Auburn Professor Triggers Free Speech Fight Over Anti-Police Comments

Auburn Lecturer Jesse Goldberg has triggered a firestorm over social media posting containing anti-police sentiments and other controversial comments.  The recently hired academic drew critics when, after his hire, he would not use the school’s battle cry of “War Eagle” because of the inclusion of “war.” That was however mild in comparison to later postings targeting police or declaring “Wait til M-Fers find out I’m queer and teach in goddamn heels too. They gonna get madder.”  As will come as little surprise to people on this blog, I do not believe that the university should punish Goldberg for his political and social expressions outside of school. We recently discussed such protections for a Texas A&M professor who posted anti-Trump comments.
Goldberg has been criticized for tweets proclaiming “F*ck every single cop. Every single one” in response to the Portland protests and used “ACAB,” the acronym for “All Cops are Bastards.”

downloadAs we have previously discussed (with an Oregon professor and a Rutgers professor), there remains an uncertain line in what language is protected for teachers in their private lives. Recently, a conservative North Carolina professor, who faced calls for termination over controversial tweets, was pushed to retire. Adams (right) later committed suicide.

There were also controversies at the University of California and Boston University, where there have been criticism of such a double standard, even in the face of criminal conduct. There were also such an incident at the University of London involving Bahar Mustafa as well as one involving a University of Pennsylvania professor. Some intolerant statements against students are deemed free speech while others are deemed hate speech or the basis for university action. There is a lack of consistency or uniformity in these actions which turn on the specific groups left aggrieved by out-of-school comments.  There is also a tolerance of faculty and students tearing down fliers and stopping the speech of conservatives.  Indeed, even faculty who assaulted pro-life advocates was supported by faculty and lionized for her activism.

In this case, Auburn President Jay Gogue correctly affirmed that Goldberg’s remarks were constitutionally protected.

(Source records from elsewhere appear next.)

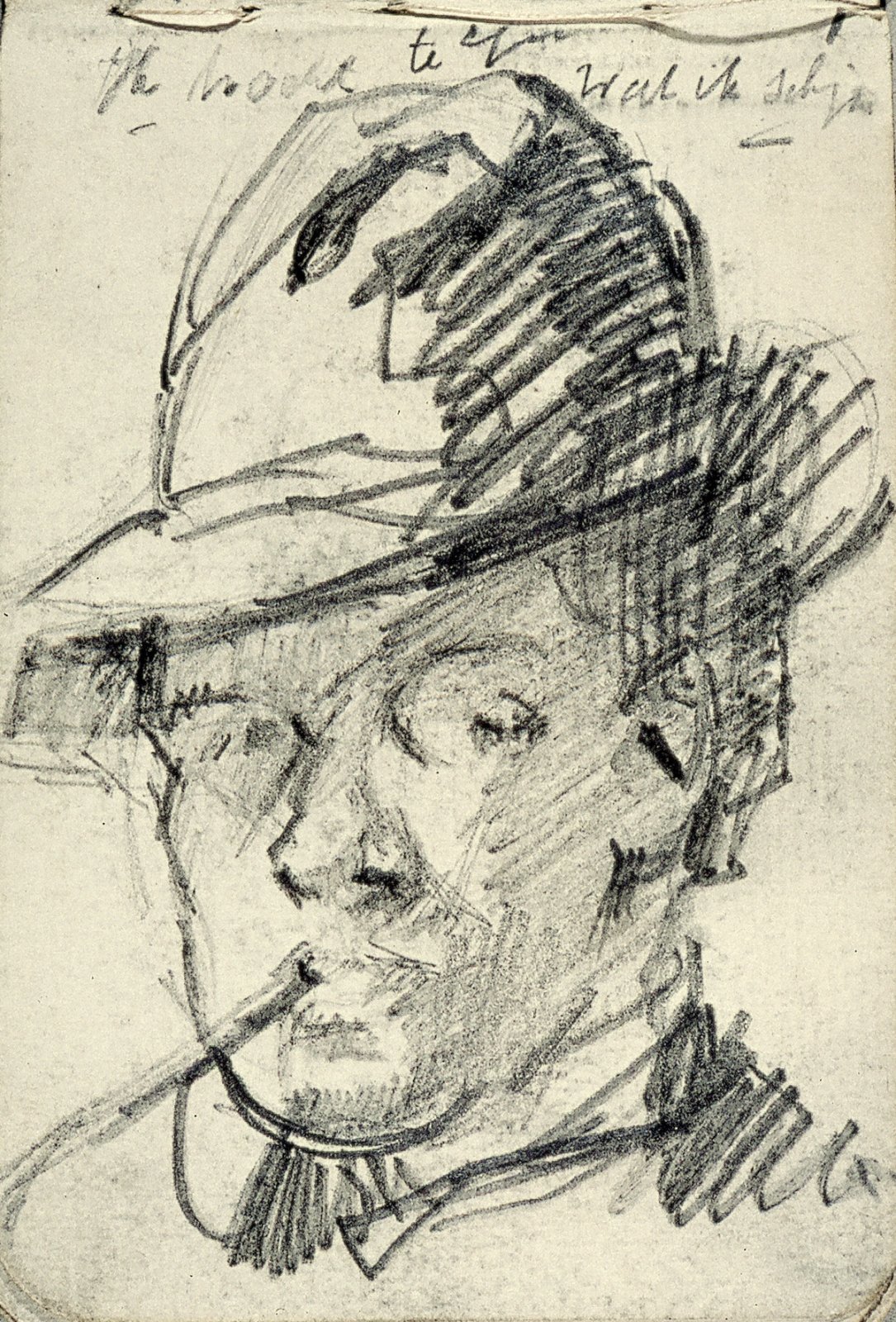 Zelfportret met pijp en hoed
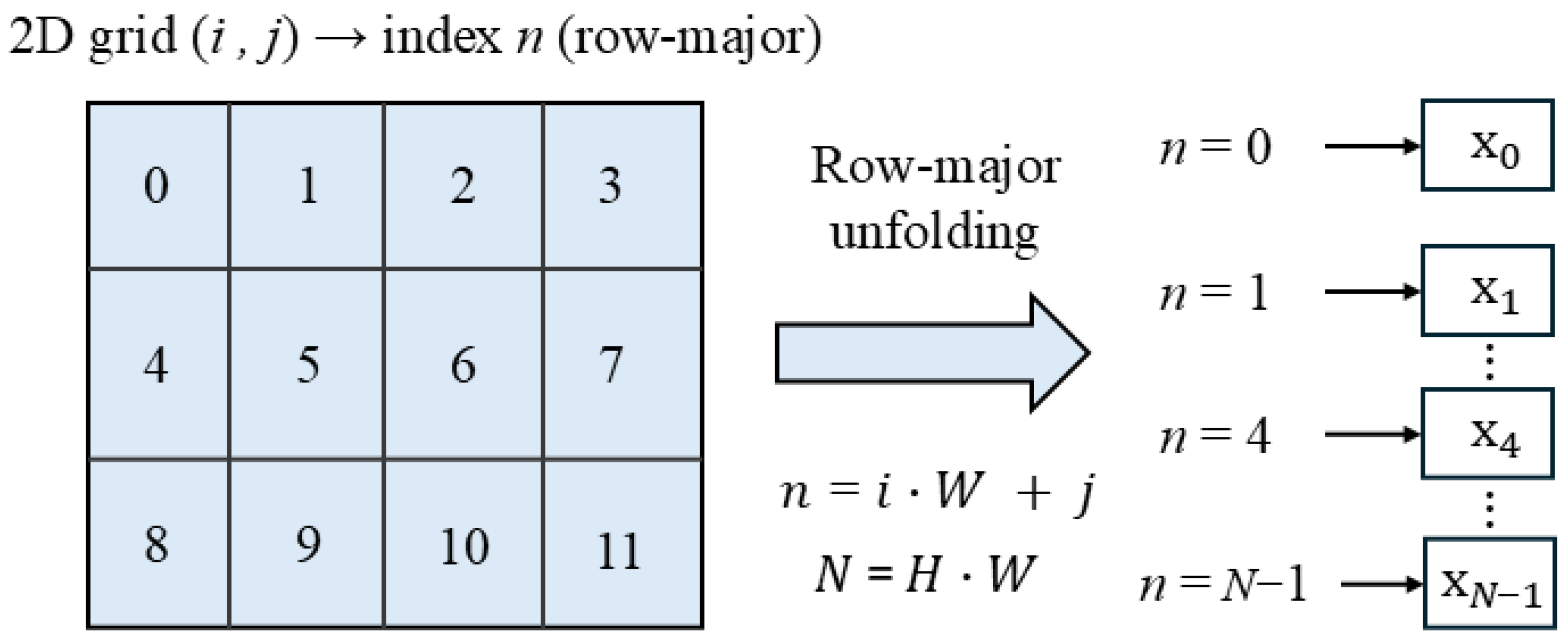 Row-major 2D-to-1D mapping before MambaT. The spatial grid is serialized into a 1D token sequence in row-major order. Each spatial location is mapped to the sequence index , producing tokens that are fed into the MambaT operator.
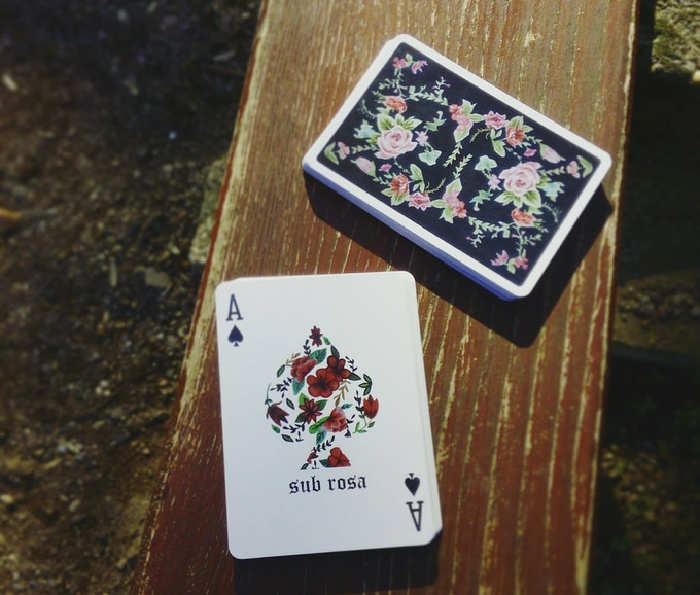 For the faces, we have decided to stick with the familiar and brilliantly designed standard faces that we all love but with a touch of our style. The Jokers are two identical beautifully hand painted watercolor red roses, the pips have been redone with a watercolor style and the same texture is applied to the court cards.
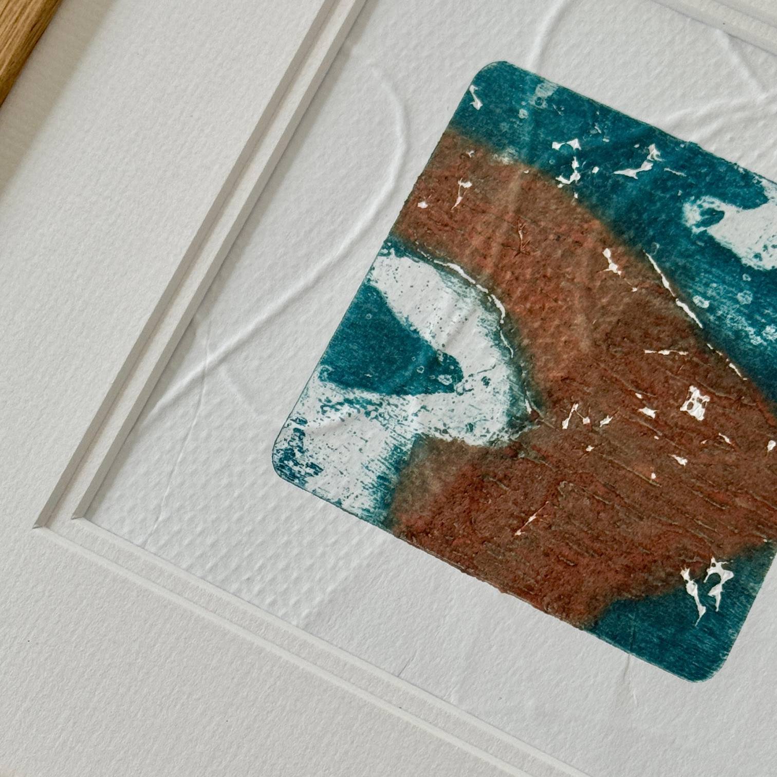 Hand printed and embossed collagraph print in a wooden frame.
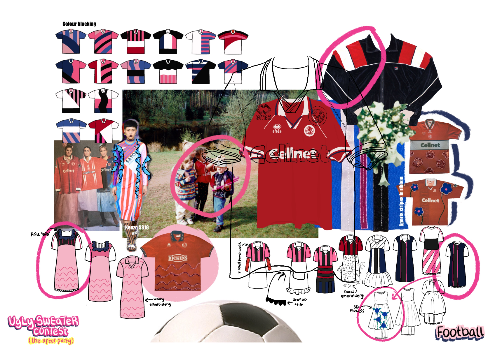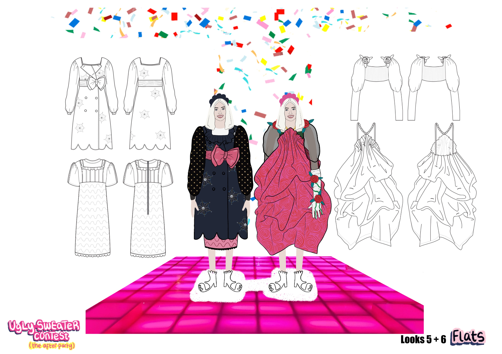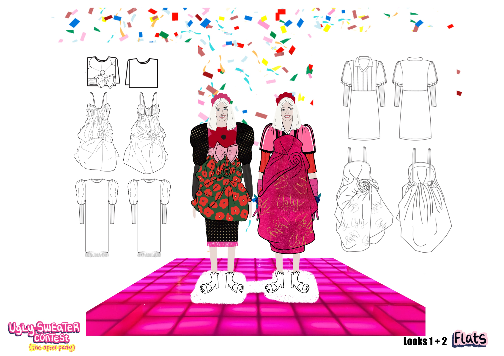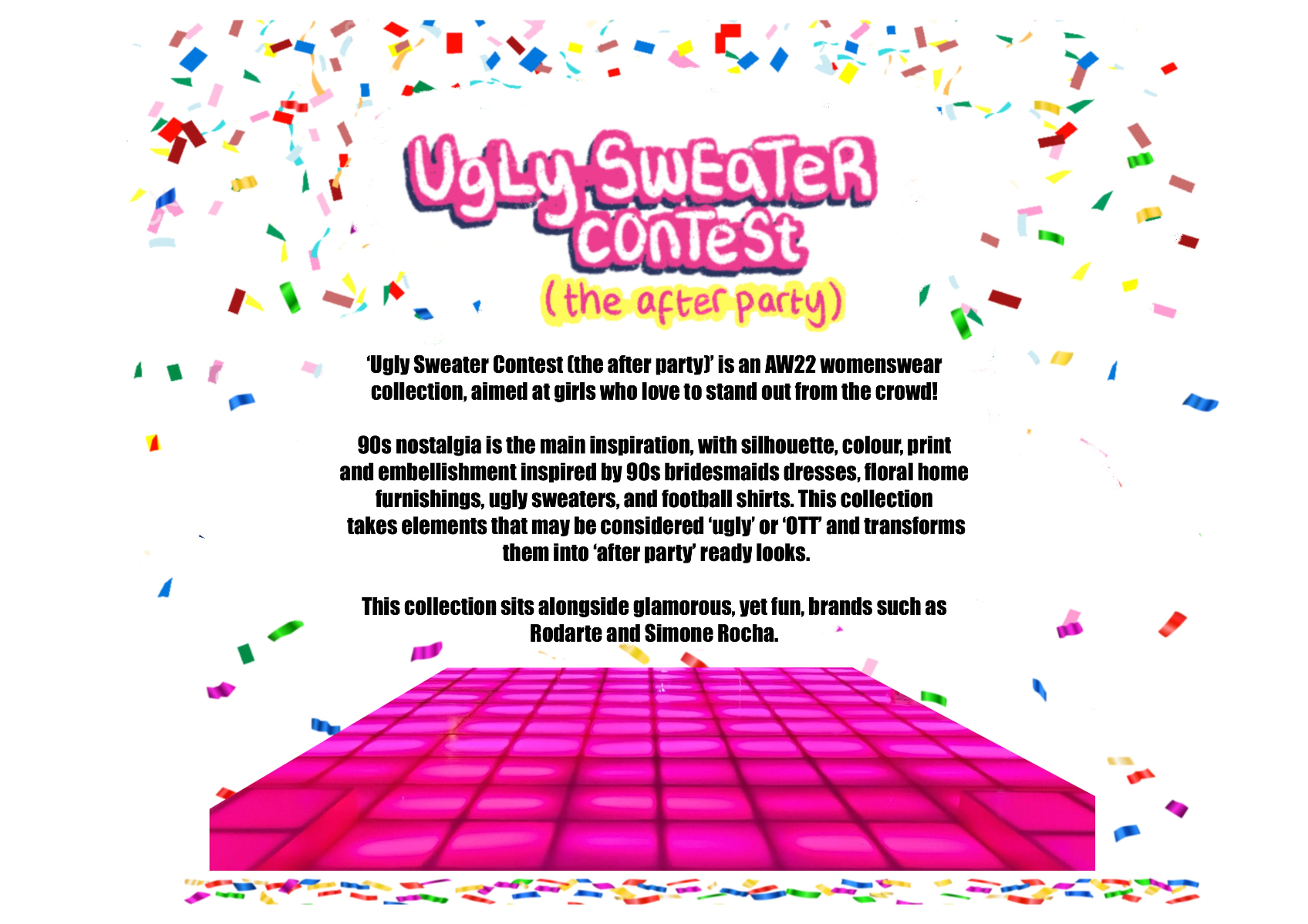 ‘Ugly Sweater Contest’ (the after party)' is an AW22 womenswear collection, ultimately inspired by 90s elements, such as bridesmaids dresses, home furnishings, and football shirts. This collection takes 'ugly elements', such as OTT sweaters and clashing florals, and transforms them into 'after party' ready looks, suitable for girls who love to stand out!
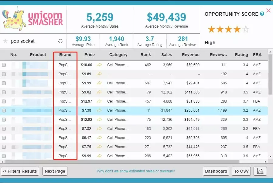 3、在品牌一栏中可以看出,“pop socket”这个品牌频繁出现
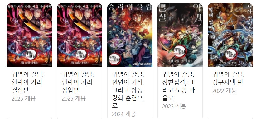 - 귀멸의 칼날 시리즈별 핵심 정보
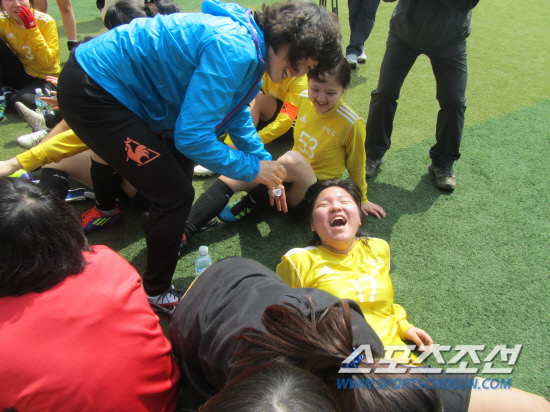 이날 '가락고 메시' 주장 배선영양(17)은 '미친 존재감'을 뽐냈다. 연예인축구단 FC리베로전에서 해트트릭, 개막전인 건국대사대부고전에서 2골을 터뜨리며 펄펄 날았다. "중학교 때 남자애들이랑 교회에서 축구를 했었다. 요즘은 1주일에 3번 훈련한다. 체력도 좋아지고 집중력도 좋아져서 성적이 많이 올랐다. 축구를 하면서 친구도 많이 사귀었다"며 웃었다. 물론 잘하는 아이들만 있는 건 아니다. 좋
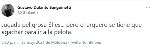 En las redes sociales también hubieron opiniones al respecto, todas críticas para el juez principal del duelo entre brasileños y merengues. Sin embargo, una voz fuerte fue la del ex Universitario; Gustavo Dulanto, quien en Twitter publicó lo siguiente.
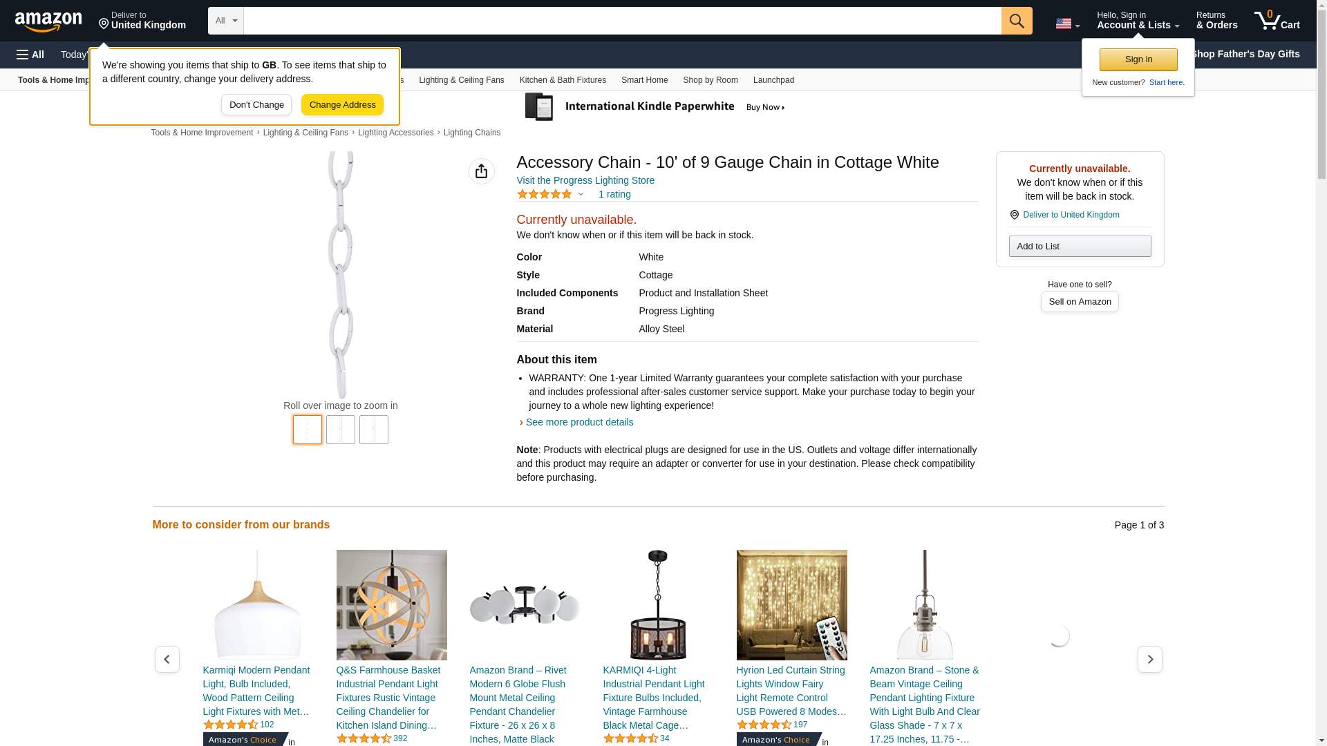 Progress Lighting Accessory Chain - 10' of 9 Gauge Chain in Cottage White
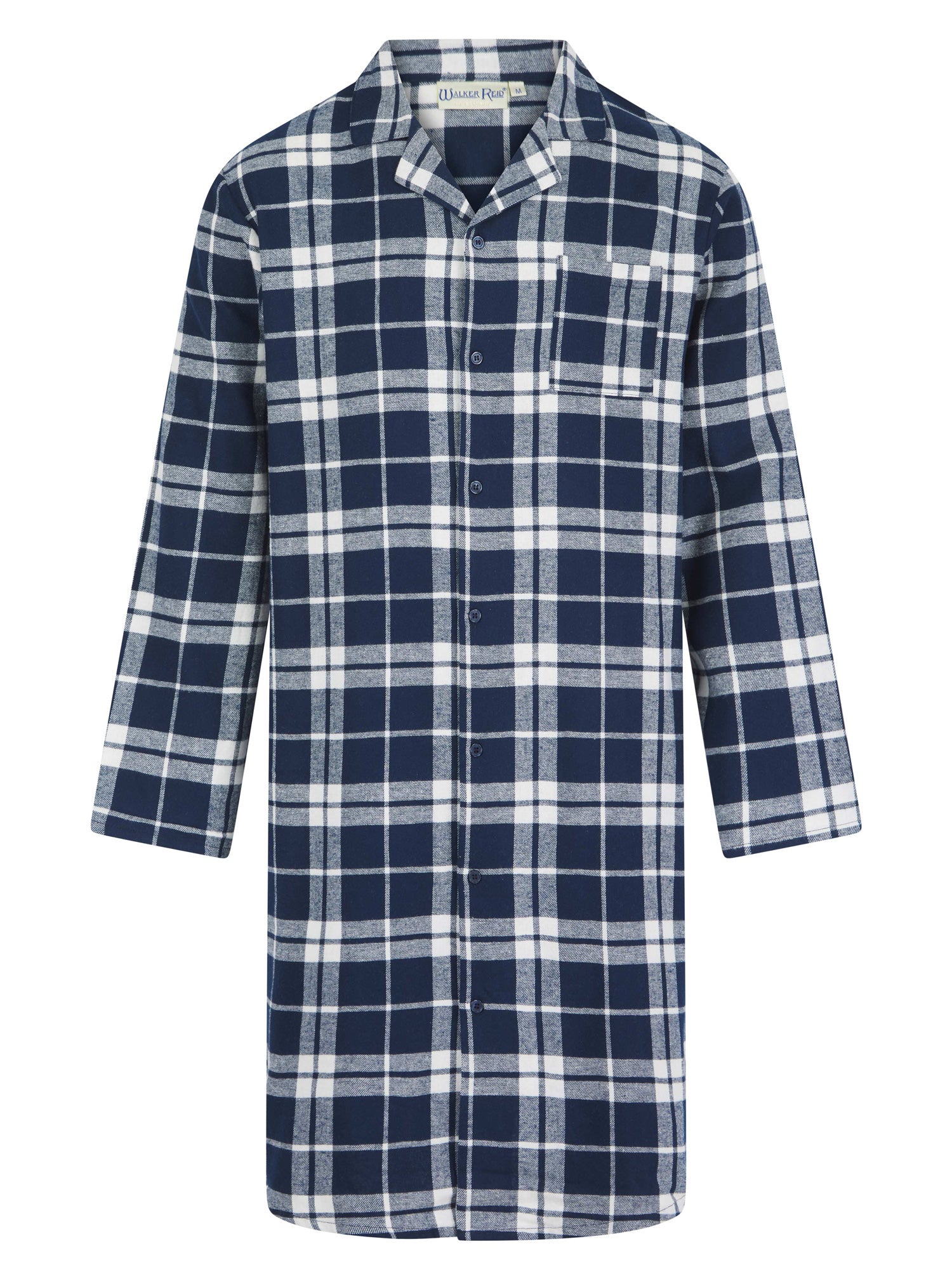 This 100% woven cotton nightshirt features a soft brushed top layer, long sleeve, collar style neck, and matching breast pocket to the left side as worn. With a 7-button through...
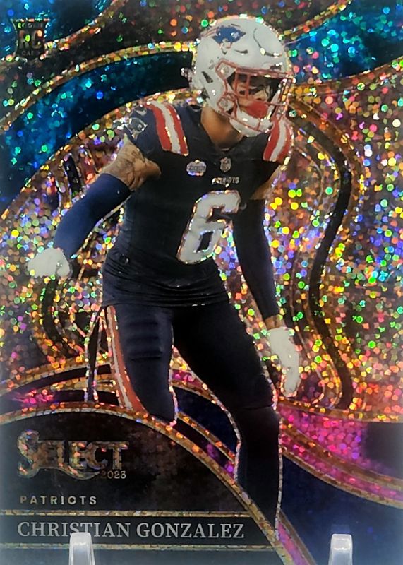 This card is 1 of 66 Christian Gonzalez's card variations in the 2023 Select set being tracked by Sports Card Investor, including Club Level, Suite Level, Club Level Black & Gold Die-Cut, Club Level Black & Green Die-Cut, and Club Level Black & Red Die-Cut.
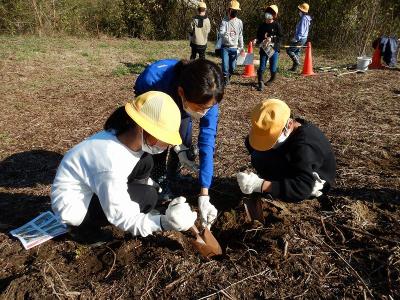 大切なハマナスを工事の影響の少ないところに移植する作業を、5年生が手伝いました。
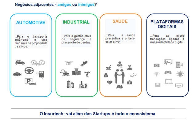 Essas tecnologias estão sendo exploradas pelos novos participantes do setor, desde as startups até as empresas de setores adjacentes que podem entrar no ramo de seguros.
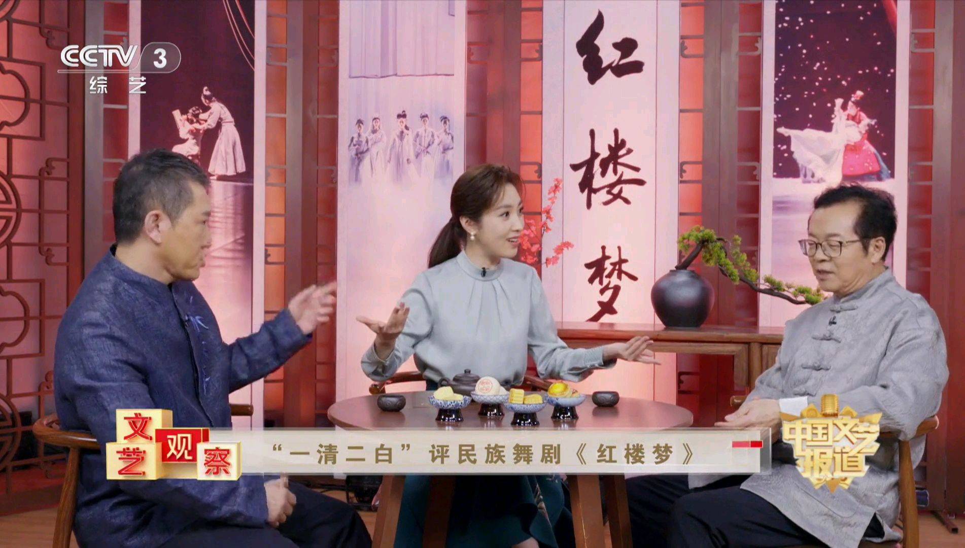 近日,央视综艺频道《中国文艺报道》节目,推出了一期针对江苏大剧院排演的民族舞剧《红楼梦》的文艺评论节目。担任文艺观察员的是何卿,嘉宾是中国舞蹈家协会主席冯双白和知名学者张一清,他俩组成“一清二白”组合。20分钟时间,3人主要围绕该舞剧排演的难度、与文学原著的细微差别,以及为什么能火爆出圈等问题展开了讨论。

However, Gogue noted the university had “agreed to Dr. Goldberg’s request that his role transition to a research-focused assignment.”

That drew an objection from two dozen fellow professors over the treatment of Goldberg in an August 28 letter.

The letter legitimately raises the concern over Goldberg’s change in status from a lecturer to a researcher. However, the professors then use their letter to attack another professor who voiced opposing views on transgender issues. Nevertheless, there is a valid concern, as stated in the letter, whether “releasing Dr. Goldberg of his teaching duties as a result of his public politics sets a disturbing precedent in which people outside the academy have influence on how and what we teach.”

It is heartening to see the university support the free speech rights of this professor and I hope that his colleagues will show equal support for those professors who voice countervailing or opposing views on these very same subjects.


50 thoughts on “Auburn Professor Triggers Free Speech Fight Over Anti-Police Comments”

  1. Any law that is unenforced, without sufficient risk of penalty for law breakers is meaningless. You can break it and there are no cops and no enforcement – this includes the “supreme law of the land” under Article VI of the U.S. Constitution – the constitutional rule of law. Since there is no risk of sufficient penalty, that lawless system actually creates an “incentive” to for law breakers. There are “constitutional federal statutes”, on the books today, that clarify and define what violating the “supreme law of the land” means and the penalty for law breaking (ex: Title 18 US Code 245 and similar statutes). For example: torture, false imprisonment, warrantless wiretapping, Cointelpro tactics, violating FISA, etc has always been a felony under U.S. law but there is no cop on the beat and no enforcement.

    In the above example: the legal/constitutional issue a public university [government entity], legally restrained by the First Amendment, violating a citizen’s guaranteed constitutional rights (defined under Title 18 US Code 245). If the professor [government official] were imposing his views on his students [private citizens] that violates the First Amendment (and federal law) also. Whatever the circumstance, there are no cops and no enforcement in the two political branches of government.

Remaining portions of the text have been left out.